CBD & Drug Tests: What Do You Need To Know?
Let’s clear the air: CBD will not show up on a routine drug test. Because CBD is derived from cannabis – a plant commonly associated with the psychoactive compound THC – many users wonder if their CBD products will result in a positive drug test. THC does, so why not CBD?
For starters, industrial hemp-derived CBD became legal under the 2018 Farm Bill.

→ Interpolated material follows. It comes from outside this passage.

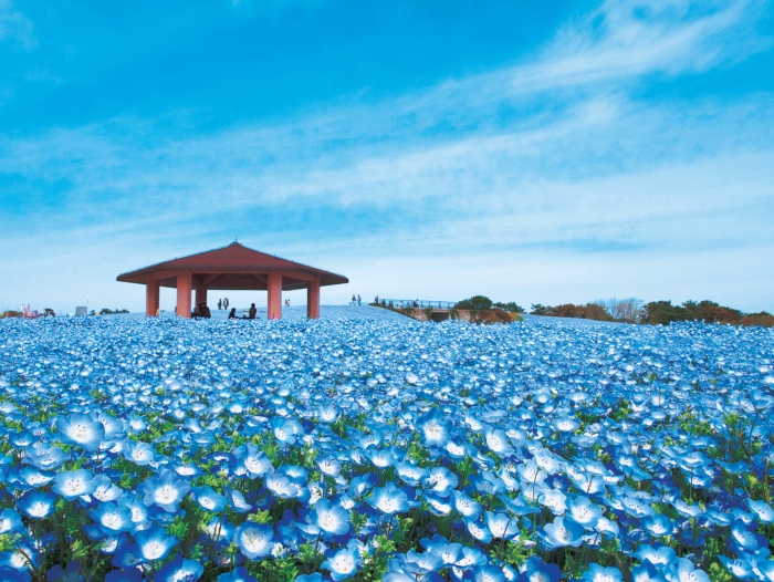 ネモフィラの見ごろは4月上~下旬。約120万本が一面に咲きます。視界いっぱいに広がる青いじゅうたんに、感動すること間違いなし。

Most employers will not test for a legal substance, especially after the Farm Bill removed CBD from a list of federally-recognized narcotics. CBD also does not produce a “high” like marijuana, the main proponent of THC.
There is currently no such thing as a “CBD Drug Test.”
But Don’t CBD Products Contain THC?
You may have seen the labels: “Lab Tested <0.3% THC.” CBD products, by law, allow for up to 0.3% THC content by dry weight. Numerous hemp-derived CBD oils meet this 0.3% limit, and it’s due to a type of CBD oil known as Full-Spectrum oil. Full-Spectrum CBD oil – and Broad-Spectrum oil, which we’ll talk about in a minute – refers to a process of extracting the CBD from hemp using the entire plant. This process extracts not only CBD, but other terpenes, flavonoids, and cannabinoids found in the plant, including THC. THC is a natural chemical found even in industrial hemp-derived CBD extractions. The CBD market has turned towards Full-Spectrum products because it has been shown that these added terpenes and cannabinoids offer benefits of their own, complementing the CBD in your products. Broad-Spectrum CBD Oil also makes use of this whole-plant extraction. The difference between Full-Spectrum and Broad-Spectrum oils is that Full-Spectrum products often retain the federally-allowed 0.3% or less THC content, while Broad-Spectrum products have the THC completely removed.
So Can I Fail A Drug Test After Using Full-Spectrum Products?
The short answer: NO. You will not fail a drug test after using Full-Spectrum CBD products because you are only ingesting trace amounts of THC, nowhere near enough to trigger a positive result on a drug test.
In fact, CBD products have been tested against a range of common drug tests, including urine tests, blood tests, saliva tests, and hair tests. Each of these tests measure for cut-off values, or the minimum amount of a substance needed to trigger a positive result. Urine tests have the highest cut-off value of 50 nanograms per milligram, or 50-billionths of a milligram. Other drug tests have cut-off values of around 4 nanograms per milligram.
For example’s sake, if a Full-Spectrum CBD oil retains the maximum 0.3% THC in a 30 milliliter tincture, you would be ingesting 5 picograms per serving – That’s 5-trillionths of a milligram THC content, substantially less than the cut-off value for even some of the most rigorous drug tests.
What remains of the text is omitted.